The answer is yes, and there are a few ways you can do this. And the next section, I’ll walk you through one of those ways.

Connecting to a Remote MongoDB Instance

We’ll now connect to a remote MongoDB instance.

You can do this using MongoDB clients and drivers. MongoDB has libraries/drivers for major programming languages. You can use these libraries in your code to connect to remote instances. However, for this example, I’ll use a MongoDB client on a Ubuntu machine. You can install it with this command:

sudo apt install mongodb-clients

To connect from this machine (application server) to the remote MongoDB server (database server) you set up earlier, run this command:

mongo -u "YourAdminUserName" -p --authenticationDatabase admin --host 192.198.168.1

Replace YourAdminUserName with your actual username and 192.198.168.1 with your actual MongoDB server IP address. Then, enter your password when prompted.

So far, the MongoDB instance is running. But that doesn’t mean it’s going to keep running forever. How do you make sure the instance is running, healthy, and always available?

Evolving the Architecture

Now, I’ll show you how to keep your instance running and healthy.

At the moment, this what the architecture looks: img

This architecture is not the best. If the hardware fails and the database goes offline, your application will fail. Having a single MongoDB instance introduces a single point of failure.

To make this architecture more resilience, you should configure a replica set. A replica set is a set of MongoDB instances that shares the same data content. It contains a primary node and secondary nodes.

A replica set’s primary node is where write operations happen. The secondary nodes replicate data changes from the primary nodes.

A replica set in MongoDB is self-healing. The failover and recovery process is automated. When the primary node fails, a new primary node is elected using the Raft consensus algorithm. This means your database continues to be available, even in time of failure.

If you introduce replication, the new architecture becomes as follows:

img

You can improve on this architecture by distributing your replicas across multiple GCP regions such that when a region suffers an outage, you’re not affected.

Now, the question is, “How do you gain visibility into your clusters, monitor performance, and failure?” The answer is simple: monitoring.

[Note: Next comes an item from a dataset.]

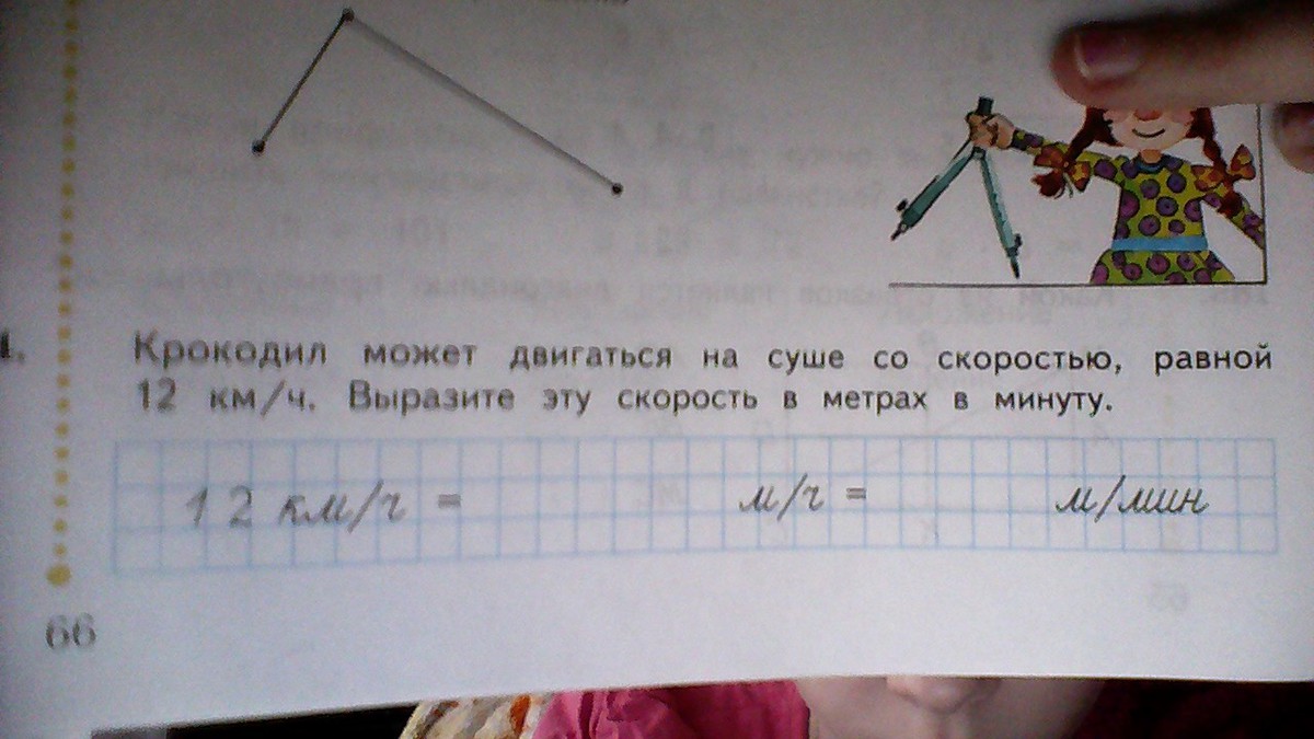 км/ч. Выразите эту скорость в метрах в минуту. 12 км/ч=12*1000/60=200 м/мин

Monitoring MongoDB Replicas

MongoDB from version 4 or later offers free cloud monitoring for standalone instances and replica sets. This monitoring includes operation execution times, memory usage, CPU usage, and operation counts.

The free monitoring is not only limited in metrics but also has a retention time of 24 hours. For more information on how to enable free monitoring, check MongoDB’s documentation on monitoring.

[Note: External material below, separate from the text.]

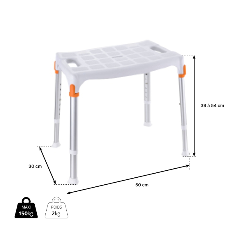 Les tabourets Capri vous permettent de prendre votre douche en toute sécurité et confortablement installés. La structure complète a été renforcée pour porter à 150 kg la résistance pour les tabourets. Assise large pour davantage de confort. Assemblage sans outil. Vous pourrez prendre appui sur les poignées pour vous asseoir et vous relever facilement.Pour davantage de confort, vous trouverez en option des accoudoirs et coussins d’assise en mousse imperméable et désinfectable EVA coloris gris ou bleu, adaptés à toutes les formes d’assises Capri. Structure en aluminium et polypropylène.Fabriqués en Italie.Dimensions : larg. 50 x prof. 30 x haut. réglable de 39 à 54 cmPoids : 2 kgPoids maximum utilisateur : 150 kg

If you’re running MongoDB in production, the free monitoring option might not cut it for you. You might want to opt into more advanced, paid services like

Conclusion

In this post, we’ve learned how to deploy MongoDB on Google Cloud Platform using the self-managed route. We also talked about architecting a highly available MongoDB cluster. We touched briefly on monitoring and paid services available for your use. We’ve covered a lot of ground!

To build on this knowledge I recommend you check out MongoDB’s security checklist, MongoDB’s documentation on administration, and Google Cloud’s article on designing robust systems. And remember to always choose the right tool for the job!